Optimal clustering in the context of overlapping cluster analysis

  • Authors:
  • Wim De Mulder

  • Affiliations:
  • Systems Research Group, University of Ghent, Ghent 9052, Belgium

  • Venue:
  • Information Sciences: an International Journal
  • Year:
  • 2013

Quantified Score

Hi-index 0.07

Visualization

Abstract

In this paper we give a general definition for the concept 'optimal clustering' which is applicable to overlapping clusterings. Overlapping clusterings are a generalization of hard clusterings and their structure is formally developed in this paper. It is generally assumed that the domain of clustering is too heuristic to develop a general, i.e. axiomatic, definition for an optimal clustering. It is shown, however, that such a definition can be given within the domain of overlapping clusterings, using the new concept of dual clustering developed in this paper. A second concept that underlies our definition of optimal clustering is the average clustering, also playing an important role in the domain of cluster ensembles.
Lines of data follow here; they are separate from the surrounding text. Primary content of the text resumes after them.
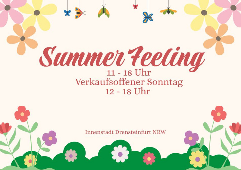 Das Summer Feeling gehört seit vielen Jahren zu den großen Events in der Drensteinfurter Innenstadt. Am Sonntag erwartet euch ein buntes Programm mit Markt- und Vereinsständen, Aktionen für Kinder, Maibaumaufstellen und einem verkaufsoffenen Sonntag. Mitten im Geschehen sind wir mit unserem Coffee-Bike dabei und sorgen für entspannte Genussmomente beim Schlendern, Verweilen und Genießen.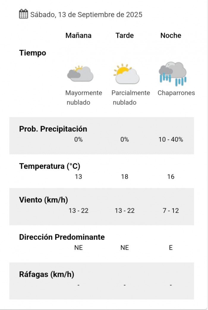 El parte del servicio meteorológico prevé que para después del mediodía el cielo estará parcialmente nublado y los vientos del sector noreste tendrán velocidades estimadas entre 13 y 22 km/h. La temperatura pronosticada sería de 18 grados.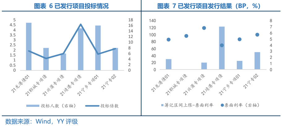 投資人對已發項目認購熱情總體相對一般。從全場倍數來看,除了“21靖港專項債”和“21寧專02”全場認購倍數超過2倍,其余4只債券全場倍數均低于2倍;從“簿記區間上限-票面利率”這一指標來看,“21靖港專項債”為123BP,其他項目為0至50BP。由鄆城縣水滸城市建設置業有限公司發行,重慶三峽融資擔保集團股份有限公司進行擔保的“21鄆城專項債”,投資者關注度相對較弱。全場認購倍數為1.18,最終票面利率發在簿記區間上限5.5%。根據《21世紀經濟報道》的報道,該債券被爆出發行人通過買保險抵補利差的方式發行。投資者關注度最高的項目為由靖江港口集團有限公司發行,中債信用增進投資股份有限公司進行擔保的“21靖港專項債”,該項目全場倍數為4.57,票面利率為3.97%,距離簿記區間上限5.2%有123BP。一方面,雖然發行人YY等級為7-,但是中債信用增進投資股份有限公司為其提供擔保,增信效力較強,債項資質較好。另一方面,根據Wind,發行人靖江港口集團有限公司已發行20期債券,總計規模為99.1億元,存續債券為53.1億元,發行人所處江蘇省靖江市,投資人對發行主體和區域有一定了解和認可。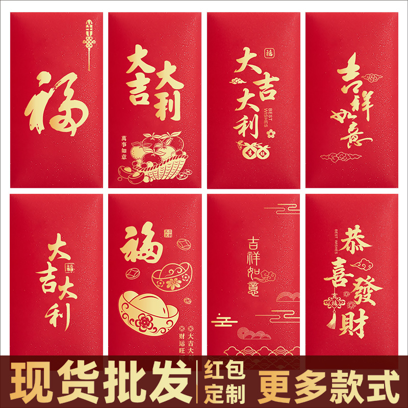 在庫あり卸売キラキラ紙マット加工厚手馬年紅包会社共通大吉大利福字金箔押し福袋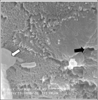 Fig. 3. Cecal tonsil of SPF chicks. SE group. Hour 12 pi. Cecal tonsil. Salmonella enterica (SE PT 1) (white arrow) attacked by macrophage (black arrow). SEM. Bar=5 μm.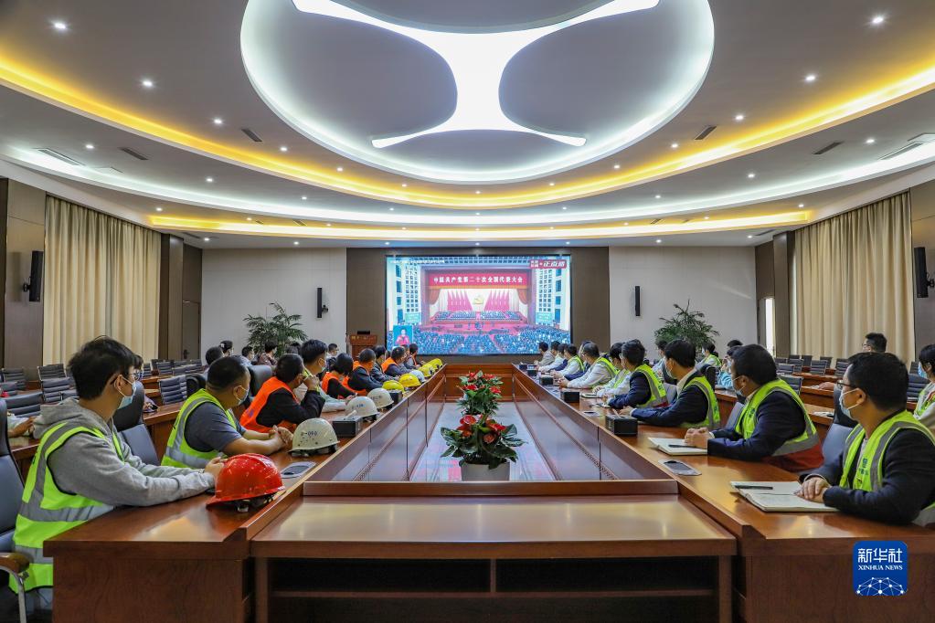 10月16日,在重慶江北國際機場(chǎng)T3B航站樓項目部,中建八局西南公司一線(xiàn)職工收看中國共產(chǎn)黨第二十次全國代表大會(huì )開(kāi)幕會(huì )。

Using the general concepts discussed in this paper, it is then shown that under some conditions it is assured that the final hard clustering extracted by majority vote from a given set of clusterings, is optimal over all hard clusterings. Unlike traditional research related to validating clusterings, we do not develop a new cluster validation measure on top of the many existing ones, but rather we develop a general framework for cluster validation measures, at least within the domain of overlapping clusterings. This framework allows to develop some general theorems about clustering.